In the book: "THE CAUCHY–SCHWARZ MASTER CLASS" of J. MICHAEL STEELE, in the case of finite sums, as you post, is the exercise 9.3. –  leo Jul 3 '11 at 4:23

I suggest the following consideration. We will prove the above inequality for rational $p,q\in(1,\infty)$ with $\frac1p+\frac1q= 1$, and the irrational cases follow by continuity.

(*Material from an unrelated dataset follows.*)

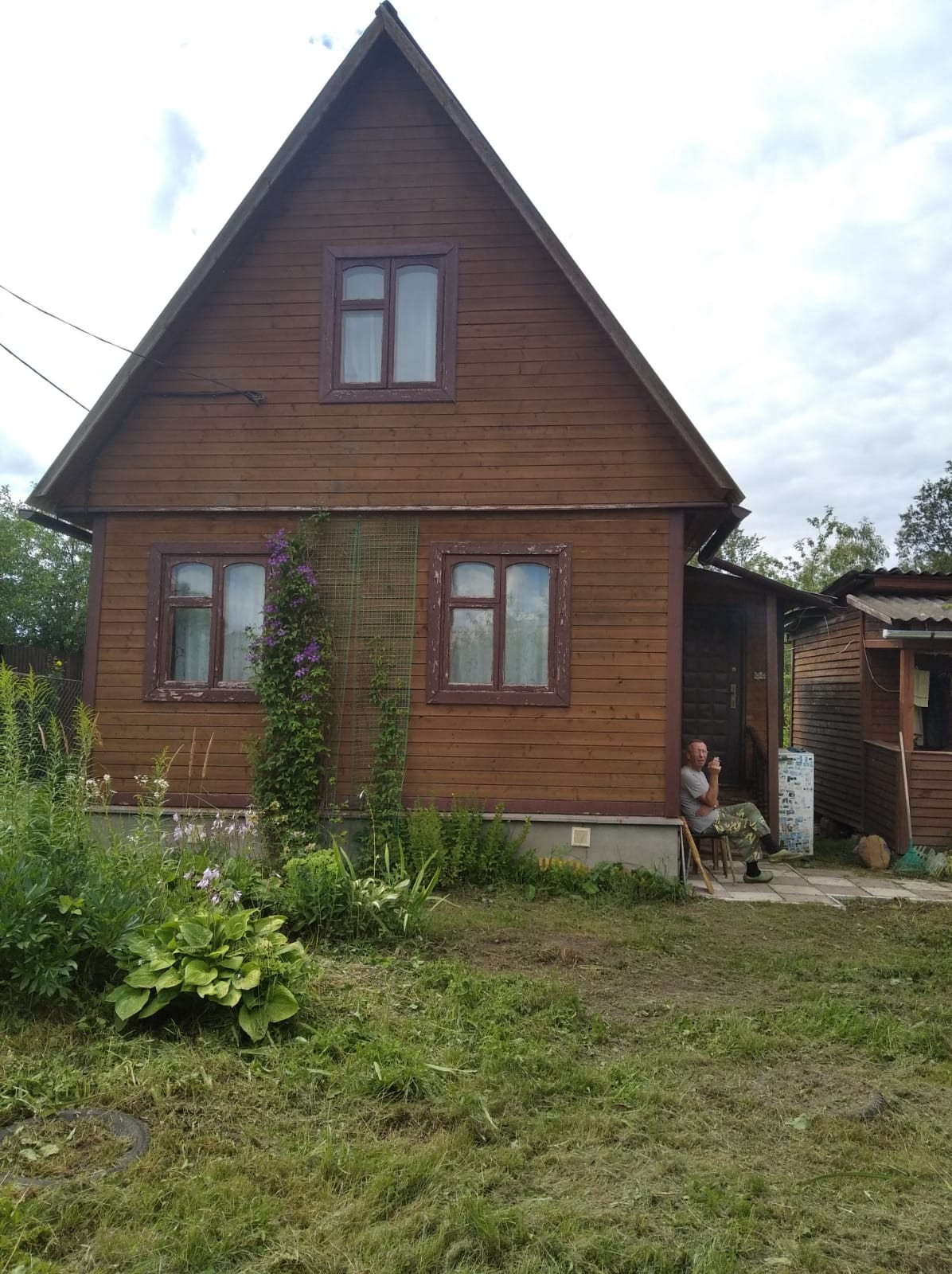 Участок на территории СНТ. Уютный небольшой домик. На 1ом этаже 2 комнаты спальни с диванами, кушеткой и шкафами, в коридоре стол и сервант, небольшая кладовка для инструментов. 2ой этаж большая комната. Рядом с домом стоит бытовка - летняя кухня с холодильником, электрической плитой и микроволновкой. Санузел отдельностоящий, с душевой кабиной и боулером. Скважина с технической водой.

If $p$ and $q$ are rational, let $p=\frac ab$ and $q=\frac ac$ with $b+c=a$ and $2^m\ge a$. Now by induction $$ \sum |x^{(1)}\dots x^{(2^m)}| \le \left( \sum |x^{(1)}\cdots x^{(2^{m-1})}|^2 \right)^{\frac12}\cdot\left( \sum |x^{(2^{m-1}+1)}\cdots x^{(2^{m})}|^2 \right)^{\frac12}$$ $$\le \left( \sum |x^{(1)}|^{2^m} \right)^{\frac1{2^m}}\cdots \left( \sum |x^{(2^m)}|^{2^m} \right)^{\frac1{2^m}}$$ where $x^{(i)}$ are sequences of length $n$, whose indices are omitted. By plugging in $$x^{(1)}= \dots= x^{(b)}= x^{\frac a{b2^m}},\quad x^{(b+1)}= \dots= x^{(b+c)}= y^{\frac a{c2^m}},\quad x^{(b+c+1)}= \dots = x^{(2^m)}=(xy)^{\frac1{2^m}}$$ we get $$\sum |xy|= \sum |x^{\frac a{2^m}}y^{\frac a{2^m}}(xy)^{\frac {2^m-a}{2^m}}| \le \left( \sum |x|^{p} \right)^{\frac{b}{2^m}}\cdot \left( \sum |y|^{q} \right)^{\frac c{2^m}}\cdot \left( \sum |xy| \right)^{\frac {2^m-a}{2^m}}$$ implying the inequality we aimed for by dividing the third term of the RHS, and putting the inequality to the $\frac{2^m}{a}$-th power.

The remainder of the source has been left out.